= Chess engine =

Computer program for chess analysis and game

In computer chess, a chess engine is a computer program that analyzes chess or chess variant positions, and generates a move or list of moves that it regards as strongest.

A chess engine is usually a back end with a command-line interface with no graphics or windowing. Engines are usually used with a front end, a windowed graphical user interface such as Chessbase or WinBoard that the user can interact with via a keyboard, mouse or touchscreen. This allows the user to play against multiple engines without learning a new user interface for each, and allows different engines to play against each other.
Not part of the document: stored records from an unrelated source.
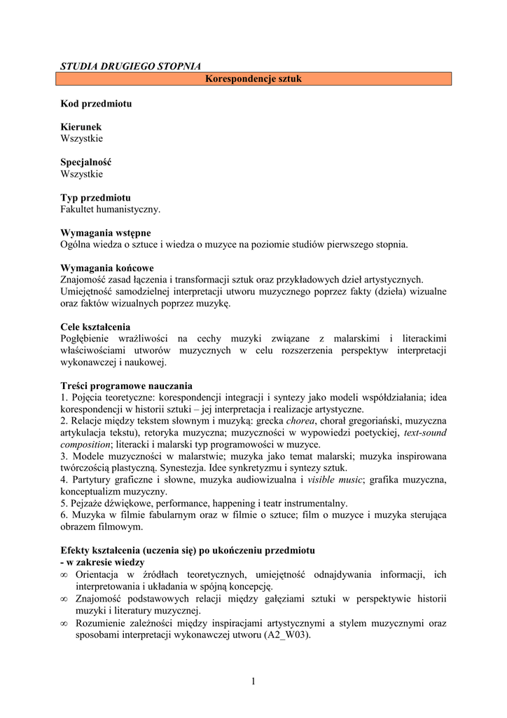 STUDIA DRUGIEGO STOPNIA Korespondencje sztuk Kod przedmiotu Kierunek Wszystkie Specjalność Wszystkie Typ przedmiotu Fakultet humanistyczny. Wymagania wstępne Ogólna wiedza o sztuce i wiedza o muzyce na poziomie studiów pierwszego stopnia. Wymagania końcowe Znajomość zasad łączenia i transformacji sztuk oraz przykładowych dzieł artystycznych. Umiejętność samodzielnej interpretacji utworu muzycznego poprzez fakty (dzieła) wizualne oraz faktów wizualnych poprzez muzykę. Cele kształcenia Pogłębienie wrażliwości na cechy muzyki związane z malarskimi i literackimi właściwościami utworów muzycznych w celu rozszerzenia perspektyw interpretacji wykonawczej i naukowej. Treści programowe nauczania 1. Pojęcia teoretyczne: korespondencji integracji i syntezy jako modeli współdziałania; idea korespondencji w historii sztuki – jej interpretacja i realizacje artystyczne. 2. Relacje między tekstem słownym i muzyką: grecka chorea, chorał gregoriański, muzyczna artykulacja tekstu), retoryka muzyczna; muzyczności w wypowiedzi poetyckiej, text-sound composition; literacki i malarski typ programowości w muzyce. 3. Modele muzyczności w malarstwie; muzyka jako temat malarski; muzyka inspirowana twórczością plastyczną. Synestezja. Idee synkretyzmu i syntezy sztuk. 4. Partytury graficzne i słowne, muzyka audiowizualna i visible music; grafika muzyczna, konceptualizm muzyczny. 5. Pejzaże dźwiękowe, performance, happening i teatr instrumentalny. 6. Muzyka w filmie fabularnym oraz w filmie o sztuce; film o muzyce i muzyka sterująca obrazem filmowym. Efekty kształcenia (uczenia się) po ukończeniu przedmiotu - w zakresie wiedzy • Orientacja w źródłach teoretycznych, umiejętność odnajdywania informacji, ich interpretowania i układania w spójną koncepcję. • Znajomość podstawowych relacji między gałęziami sztuki w perspektywie historii muzyki i literatury muzycznej. • Rozumienie zależności między inspiracjami artystycznymi a stylem muzycznymi oraz sposobami interpretacji wykonawczej utworu (A2_W03). 1 - w zakresie umiejętności • Zdolność interpretacji utworu muzycznego w kategoriach artystycznych pozamuzycznych oraz przełożenia na muzykę struktur artystycznych z innych dziedzin sztuki. • Umiejętność nazywania i opisywania "duchowej" treści utworu muzycznego i wartości estetycznych muzyki (A2_U06). - w zakresie kompetencji społecznych • Umiejętność wykorzystywania informacji dot. Inspiracji i intencji twórczych w celu realizacji własnej koncepcji interpretacyjnej i zamierzonego oddziaływania na odbiorcę. • Umiejętność samooceny własnych działań ich komentowania i prezentacji (A2_K02; A2_K04, A2_K05). Metody nauczania Wykład – prezentacja poszczególnych zagadnień estetycznych, ich ilustracja przykładami z historii sztuki i analiza wybranych przykładów z dziedziny sztuk synkretycznych, poezji i kompozycji muzycznych. Nakład pracy studenta potrzebny do osiągnięcia efektów uczenia się ROK SEMESTR Na dowolnym roku Punkty ECTS Ilość godzin w semestrze Rodzaj zaliczenia LEGENDA 1 2 2 2 30 30 zal zs zal – zaliczony; zs – zaliczenie ze stopniem; egz – egzamin; ed – egzamin dyplomowy Kryteria oceny 1. Kwestionariusz sprawdzający wiedzę o relacjach między gałęziami sztuki oraz test umiejętności ich rozpoznawania w wybranych przykładach i opisu analitycznego. 2. Interpretacja plastyczna wybranego materiału muzycznego: znalezienie lub samodzielne stworzenie ekwiwalentu wizualnego wraz z uzasadnieniem interpretacji. 3. Interpretacja muzyczna wybranej próbki sztuk wizualnych. Za każde wykonane zadanie student otrzymuje od 1 do 7 punktów. Literatura (piśmiennictwo) Kowalczykowa Alina [1980] O wzajemnym oświetlaniu się sztuk w romantyzmie. [w:] Pogranicza i korespondencje sztuk. red. T. Cieślikowska, J. Sławiński, Wrocław. Polony Leszek [1981] Program literacki i symbolika muzyczna w twórczości symfonicznej Karłowicza [w:] Muzyka polska a modernizm, Kraków. Rzepińska Maria [1989] Historia koloru w dziejach malarstwa europejskiego, Warszawa,. Starzyński Juliusz [1965] O romantycznej syntezie sztuk. Dalecroix, Chopin, Baudelaire, Warszawa. Szerszenowicz Jacek [2008] Inspiracje plastyczne w muzyce, Łódź. Język wykładowy Polski 2 Imię i nazwisko wykładowcy dr hab. Jacek Szerszenowicz 3
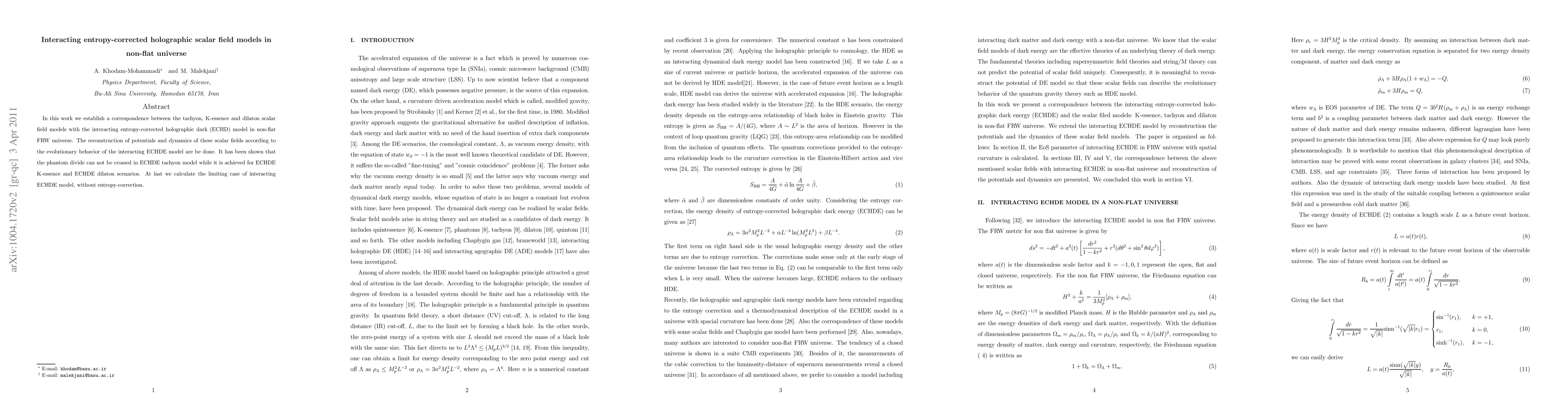 The paper presents a detailed correspondence between different scalar field models and the interacting ECHDE model, providing reconstructed potentials and dynamics for each scenario in a non-flat universe.
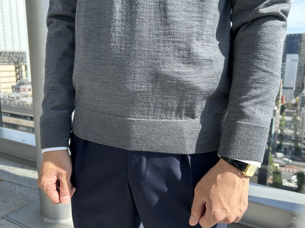 きめ細かく上質なセーターなので、梳毛スーツとの相性が良く艶やかに決まります。
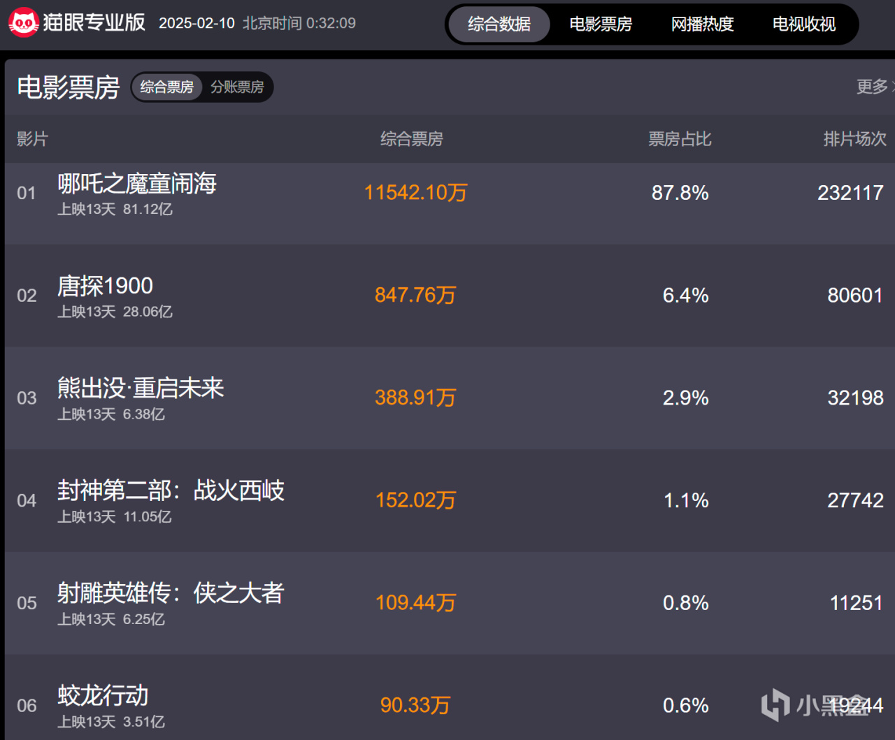 今年的春節檔(1.28-2.4)總票房達95.10億元,觀影總人次1.87億,刷新了中國影史記錄。其中《哪吒2》的票房更是連連破紀錄,現在正朝着100億衝刺着。
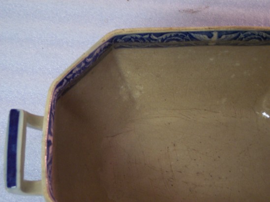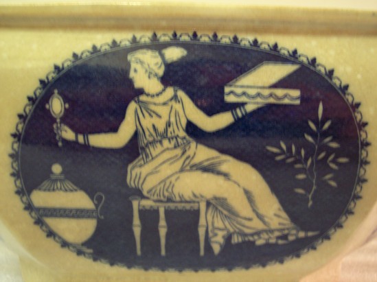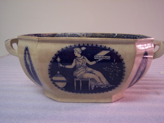 Lid is white with blue classical motifs. Central image is of a charioteer. Handle has a broad blue strip running lengthwise. Space for label. Base is white with blue classical motifs. Blue decorative edging lines the inside of the top rim. Two handles on either side both have a broad, blue stripe running their lengths. Base is severely discolored. Tureen matches platter with the number 1909-05-4.
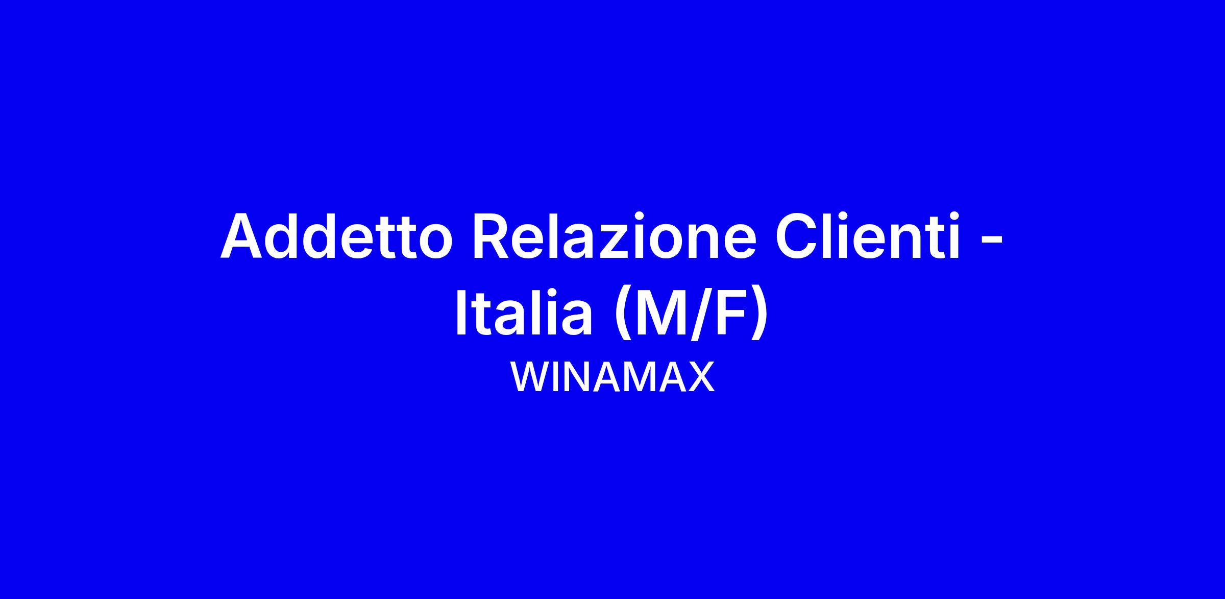 Con sede nel cuore di Parigi, stiamo rivoluzionando l’industria del gioco online! Leader nel poker e nelle scommesse sportive in Francia, con 350.000 giocatori e 600.000 scommettitori mensili, siamo presenti in Spagna, Germania e prossimamente in Italia e Portogallo. Offriamo ai nostri giocatori un’esperienza eccezionale, al tempo stesso tecnica, creativa e di alta qualità. Innovazione, unità, appartenenza: i nostri valori plasmano una cultura aziendale multiculturale e unica.E se anche tu avessi un futuro nel gioco?DESCRIZIONE DEL RUOLOAll’interno del servizio clienti di Winamax, vero pilastro della soddisfazione dei nostri giocatori, sarai incaricato/a di rispondere alle loro domande e alle loro richieste: informazioni, consigli, gestione del conto di gioco, reclami, ecc. Il tuo obiettivo: ottimizzare la loro esperienza di gioco e favorire una migliore comprensione delle nostre offerte di poker e scommesse e dell’utilizzo dei sistemi di gioco a loro disposizione.La tua missione principale si svolgerà su tutti i canali di contatto con i nostri clienti: email, social media, eventi online e live.Come garante dell’immagine aziendale, se un giocatore sarà soddisfatto del servizio e dell’attenzione ricevuti da Winamax, il merito sarà tuo e dei tuoi colleghi del servizio clienti!PROFILO RICHIESTOSei appassionato di poker o di scommesse, o meglio, di entrambi! Inoltre:• Hai una conoscenza ineccepibile della lingua italiana: disponi di impeccabili capacità redazionali e di una perfetta espressione orale • Sei reattivo e rigoroso• Hai padronanza del pacchetto OfficeI tuoi punti di forza per avere successo in questo ruolo:• Capacità di ascolto• Spirito di squadraLa tua vita personale ti consente di lavorare in modo stabile secondo i turni a rotazione previsti del nostro servizio clienti (7.00-15.00, 15.00-23.00, 23.00-7.00), inclusi diversi sabato e domenica al mese.CONDIZIONI• Ideale come primo impiego• Durata del contratto di lavoro: 12 mesi• Luogo di lavoro: Parigi• Disponibilità per assunzione immediata• 35 ore settimanali con turni lavorativi notturni e nei week-end• Retribuzione fissa + variabilePROCESSO DI SELEZIONEFasi della selezione:• Call HR (15/30 minuti)• Test scritto (45 minuti)• Colloquio finale con Alexis, responsabile supporto clienti, e Mathieu, responsabile controllo qualità (60 minuti)Per garantire un’esperienza ottimale ai candidati i processi di selezione durano, in media, tra le 2 e le 4 settimane.PERCHÉ UNIRTI A NOI?Oltre al nostro universo dedicato al poker e alle scommesse sportive, offriamo anche altri vantaggi!• Una cultura aziendale multiculturale e unica• Una settimana lavorativa di 4 giorni per la maggior parte dei nostri team• Un ambiente di lavoro conviviale, nel cuore di Parigi (rooftop con vista sulla Tour Eiffel, sala videogiochi e palestra…)• Opportunità di mobilità interna• Una vita aziendale dinamica, con serate ed eventi organizzati regolarmente (tornei di poker, serate a tema, barbecue per tutta l’estate…)• Premi di partecipazione agli utili• Accesso al programma di referral aziendale (bonus fino a 5.000 €)• Ristorante aziendale (o buoni pasto)• Un’ottima assicurazione sanitaria integrativa• 6 settimane di ferie retribuite
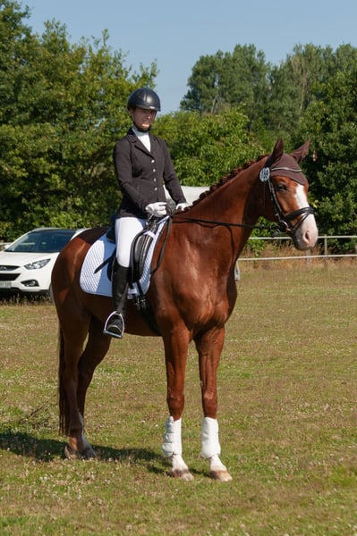 Farley, urodzony 16.05.2015, to niezwykle uroczy wałach, który od 2019 roku jest w stałych, troskliwych rękach – przejęty bezpośrednio od hodowcy i od tego czasu rozwijany z cierpliwością i spokojem. Był delikatnie szkolony, zajmuje miejsca na podium w zawodach i obecnie pracuje na poziomie L w ujeżdżeniu. Farley zachwyca trzema bardzo przyjemnymi podstawowymi chodami – szczególnie jego wygodny galop i rytmiczny krok sprawiają, że jazda to prawdziwa przyjemność. W trakcie wzmocnienia w stępie ma się wrażenie, że unosi się nad placem. W obcowaniu zawsze jest przyjazny i absolutnie niezawodny. Farley to prawdziwy przytulak – zarówno dla ludzi, jak i dla koni, zawsze szuka bliskości i cieszy się z każdej uwagi. Podczas czyszczenia, siodłania czy po prostu w stajni: zawsze jest zrównoważony i przyjazny. Również w terenie prezentuje się pewnie – najbardziej lubi małe grupy, w których bacznie i spokojnie podąża. Ma również radość z pracy z przeszkodami i z przyjemnością pokazuje się na lonży oraz podczas wolnego skakania. Farley jest łatwy w obsłudze, dobrze współpracuje z kowalem i jest spokojny podczas wizyt weterynarza – to bezproblemowy partner z urokiem i sercem, który przyniesie swojemu człowiekowi wiele radości. Idealny koń dla jeźdźców, którzy cenią sobie serdeczne współżycie, klarowną komunikację i delikatną jazdę.

Many chess engines are now available for mobile phones and tablets, making them more accessible.

==History==

The meaning of the term "chess engine" has evolved over time. In 1986, Linda and Tony Scherzer entered their program Bebe into the 4th World Computer Chess Championship, running it on "Chess Engine," their brand name for the chess computer hardware made, and marketed by their company Sys-10, Inc. By 1990 the developers of Deep Blue, Feng-hsiung Hsu and Murray Campbell, were writing of giving their program a 'searching engine,' apparently referring to the software rather than the hardware. In December 1991, Computer-schach & Spiele referred to Chessbase's recently released Fritz as a 'Schach-motor,' the German translation for 'chess engine.' By early 1993, Marty Hirsch was drawing a distinction between commercial chess programs such as Chessmaster 3000 or Battle Chess on the one hand, and 'chess engines' such as ChessGenius or his own MChess Pro on the other. In his characterization, commercial chess programs were low in price, had fancy graphics, but did not place high on the SSDF (Swedish Chess Computer Association) rating lists while engines were more expensive, and did have high ratings.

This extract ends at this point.